DESCRIPTION OF THE TASK
From the line containing "C. 藍底圓形白箭頭:遵行方向,該方向以外的方向都禁止(日韓也是採用同系統)" to the line containing "BBW Big Ass" in the records below, set down every line exactly as it stands, both ends included, and skip the pictures.

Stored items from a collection
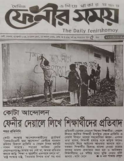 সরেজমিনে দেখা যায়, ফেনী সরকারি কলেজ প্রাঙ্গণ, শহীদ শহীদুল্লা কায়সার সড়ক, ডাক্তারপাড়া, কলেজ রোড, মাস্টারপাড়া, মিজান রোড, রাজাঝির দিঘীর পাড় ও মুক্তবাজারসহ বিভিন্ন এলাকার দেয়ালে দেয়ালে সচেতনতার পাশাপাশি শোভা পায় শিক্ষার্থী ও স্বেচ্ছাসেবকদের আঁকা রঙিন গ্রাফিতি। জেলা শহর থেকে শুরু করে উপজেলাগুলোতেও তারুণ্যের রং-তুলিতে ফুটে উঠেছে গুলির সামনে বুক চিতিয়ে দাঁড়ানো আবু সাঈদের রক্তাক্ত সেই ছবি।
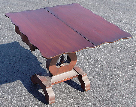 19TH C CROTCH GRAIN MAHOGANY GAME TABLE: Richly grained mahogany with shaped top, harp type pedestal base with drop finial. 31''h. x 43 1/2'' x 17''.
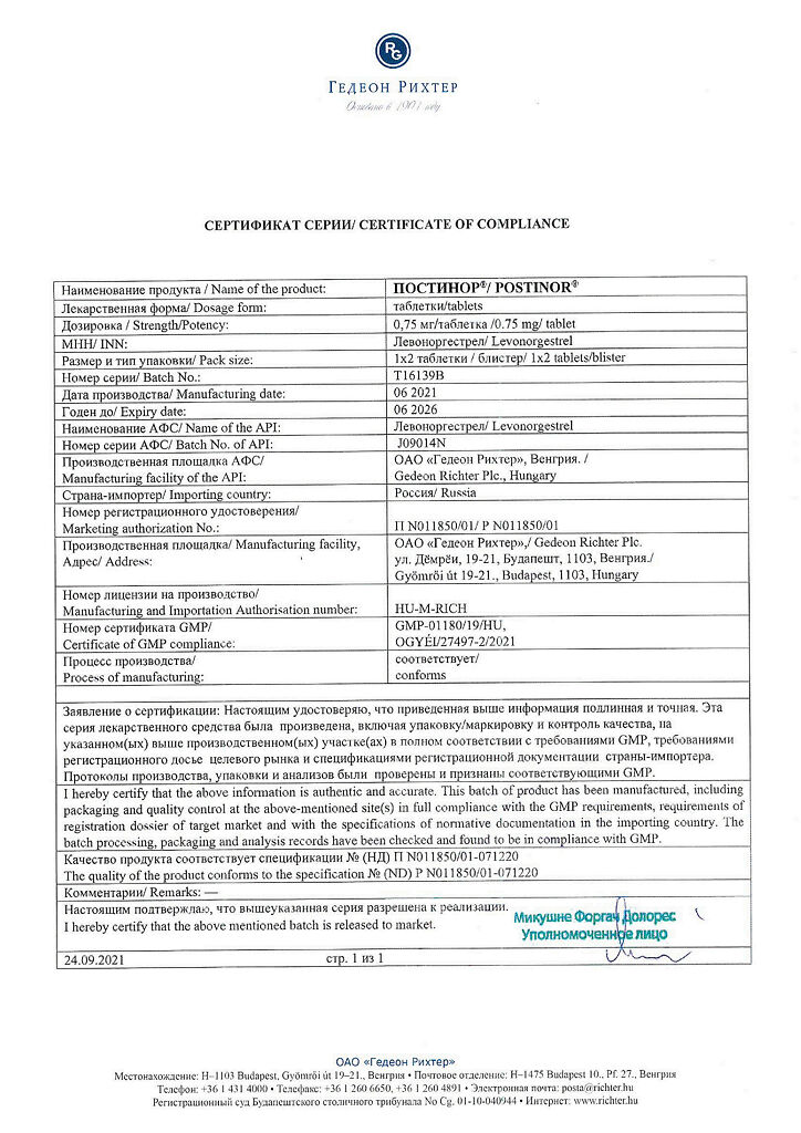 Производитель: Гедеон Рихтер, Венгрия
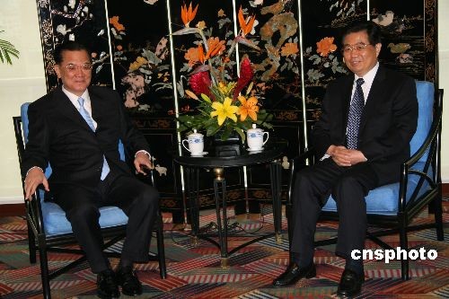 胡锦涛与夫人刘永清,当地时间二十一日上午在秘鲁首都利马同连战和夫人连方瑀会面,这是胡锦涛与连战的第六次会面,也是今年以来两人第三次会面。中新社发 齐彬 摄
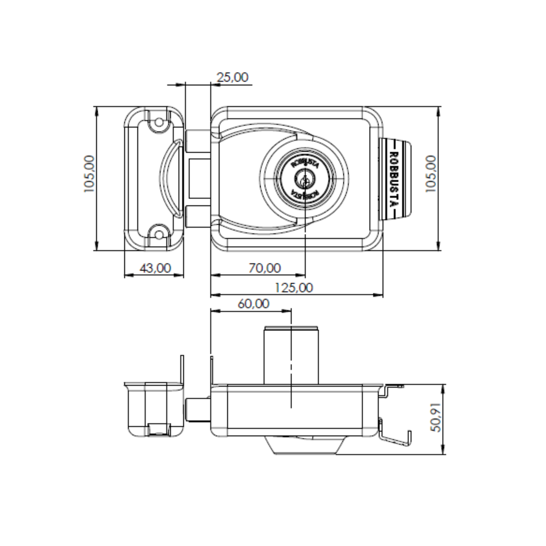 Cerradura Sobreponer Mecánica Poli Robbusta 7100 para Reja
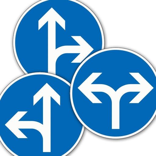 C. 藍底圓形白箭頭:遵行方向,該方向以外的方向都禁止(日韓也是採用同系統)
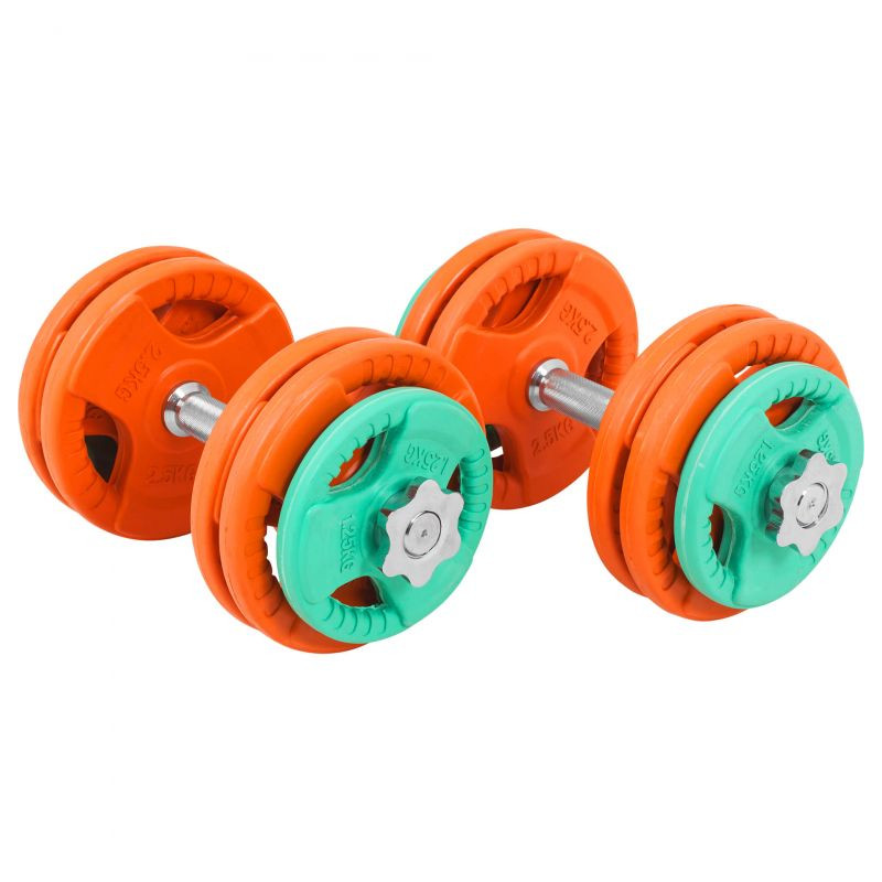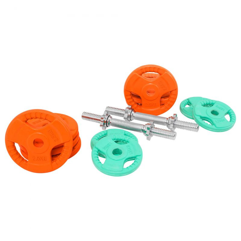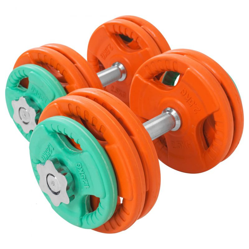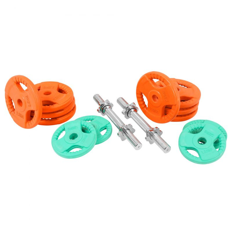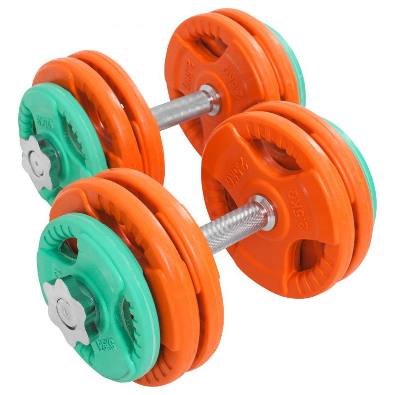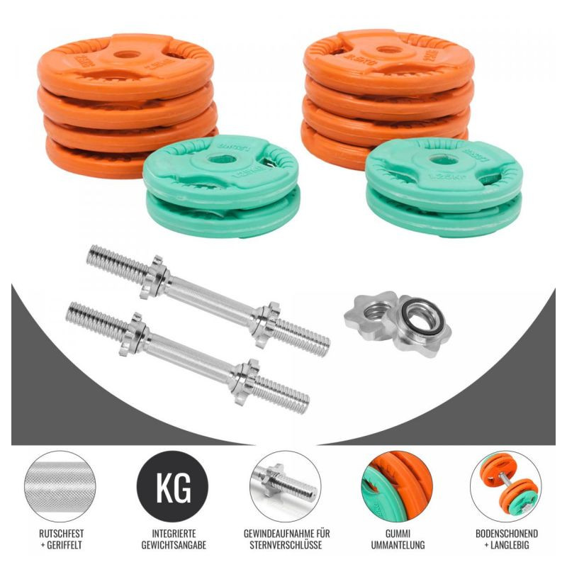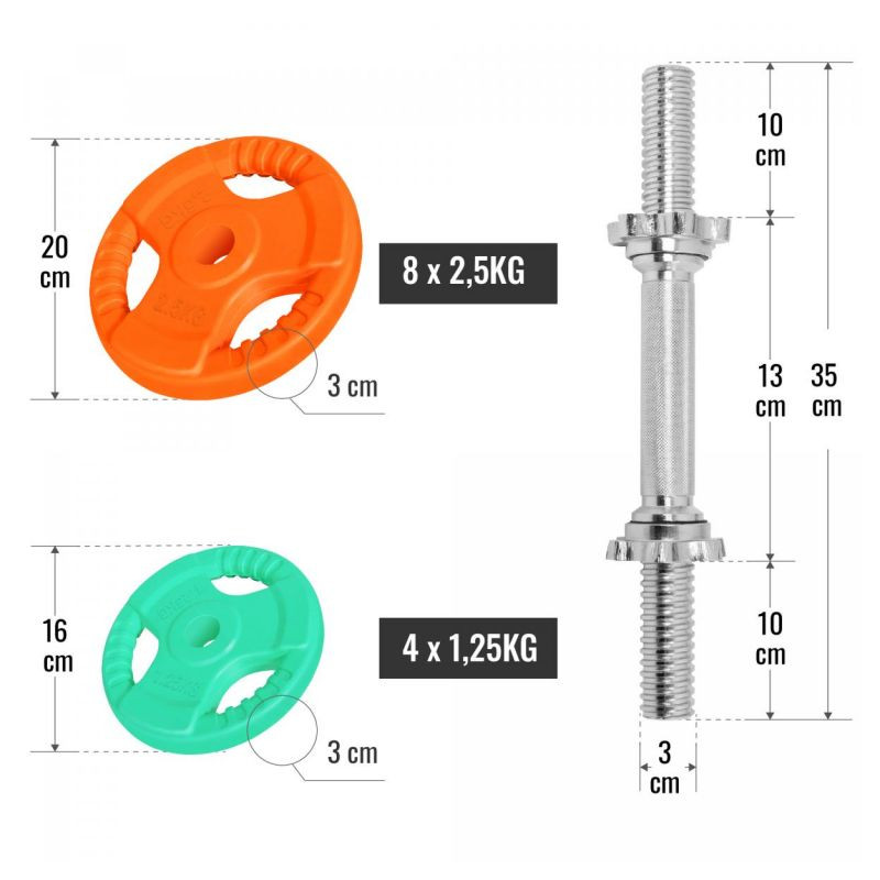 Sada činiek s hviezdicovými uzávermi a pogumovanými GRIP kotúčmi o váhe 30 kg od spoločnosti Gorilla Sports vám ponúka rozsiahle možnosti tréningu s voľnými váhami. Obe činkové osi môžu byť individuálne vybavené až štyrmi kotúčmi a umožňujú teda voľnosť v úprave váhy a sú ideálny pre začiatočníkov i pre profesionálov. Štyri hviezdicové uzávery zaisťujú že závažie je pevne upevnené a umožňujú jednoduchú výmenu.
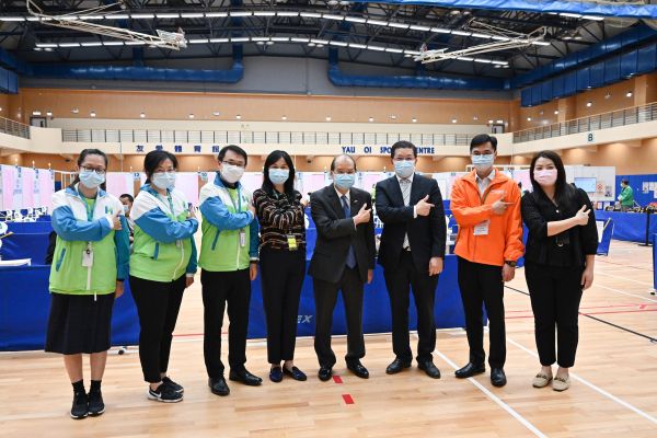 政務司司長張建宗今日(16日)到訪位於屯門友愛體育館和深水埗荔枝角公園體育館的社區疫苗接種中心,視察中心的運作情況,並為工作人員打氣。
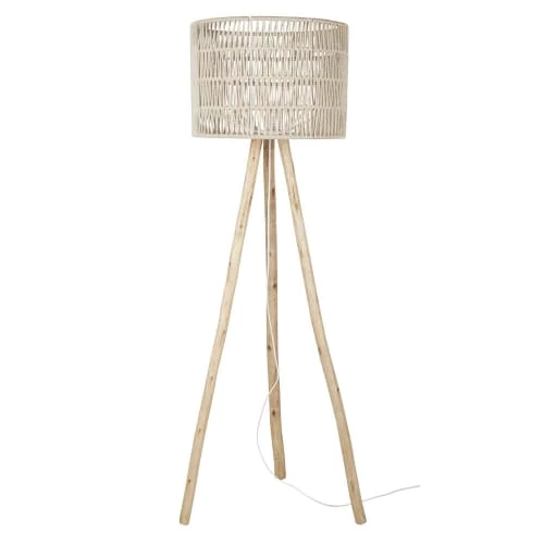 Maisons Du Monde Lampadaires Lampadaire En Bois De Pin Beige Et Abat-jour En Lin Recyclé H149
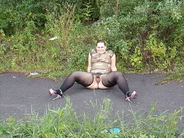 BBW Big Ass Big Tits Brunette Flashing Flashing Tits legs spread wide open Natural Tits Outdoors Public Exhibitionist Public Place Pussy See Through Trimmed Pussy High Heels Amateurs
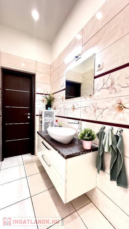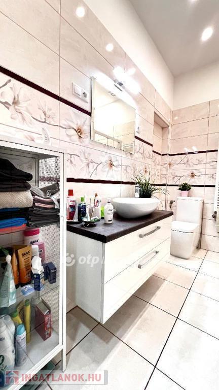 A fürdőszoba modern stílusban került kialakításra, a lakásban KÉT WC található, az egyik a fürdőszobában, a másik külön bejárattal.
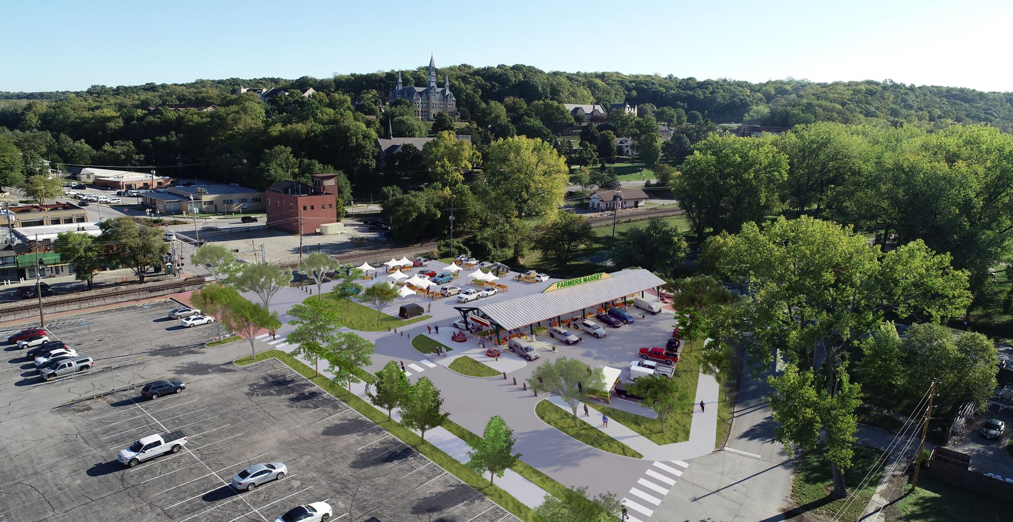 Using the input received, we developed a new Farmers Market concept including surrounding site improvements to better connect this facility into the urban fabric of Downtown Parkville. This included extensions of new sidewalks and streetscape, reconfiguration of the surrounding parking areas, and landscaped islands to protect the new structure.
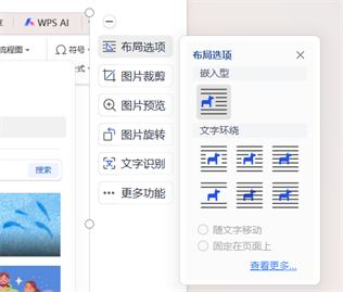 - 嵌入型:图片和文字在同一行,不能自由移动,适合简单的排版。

RESPONSE
 C. 藍底圓形白箭頭:遵行方向,該方向以外的方向都禁止(日韓也是採用同系統)
 Sada činiek s hviezdicovými uzávermi a pogumovanými GRIP kotúčmi o váhe 30 kg od spoločnosti Gorilla Sports vám ponúka rozsiahle možnosti tréningu s voľnými váhami. Obe činkové osi môžu byť individuálne vybavené až štyrmi kotúčmi a umožňujú teda voľnosť v úprave váhy a sú ideálny pre začiatočníkov i pre profesionálov. Štyri hviezdicové uzávery zaisťujú že závažie je pevne upevnené a umožňujú jednoduchú výmenu.
 政務司司長張建宗今日(16日)到訪位於屯門友愛體育館和深水埗荔枝角公園體育館的社區疫苗接種中心,視察中心的運作情況,並為工作人員打氣。
 Maisons Du Monde Lampadaires Lampadaire En Bois De Pin Beige Et Abat-jour En Lin Recyclé H149
 BBW Big Ass Big Tits Brunette Flashing Flashing Tits legs spread wide open Natural Tits Outdoors Public Exhibitionist Public Place Pussy See Through Trimmed Pussy High Heels Amateurs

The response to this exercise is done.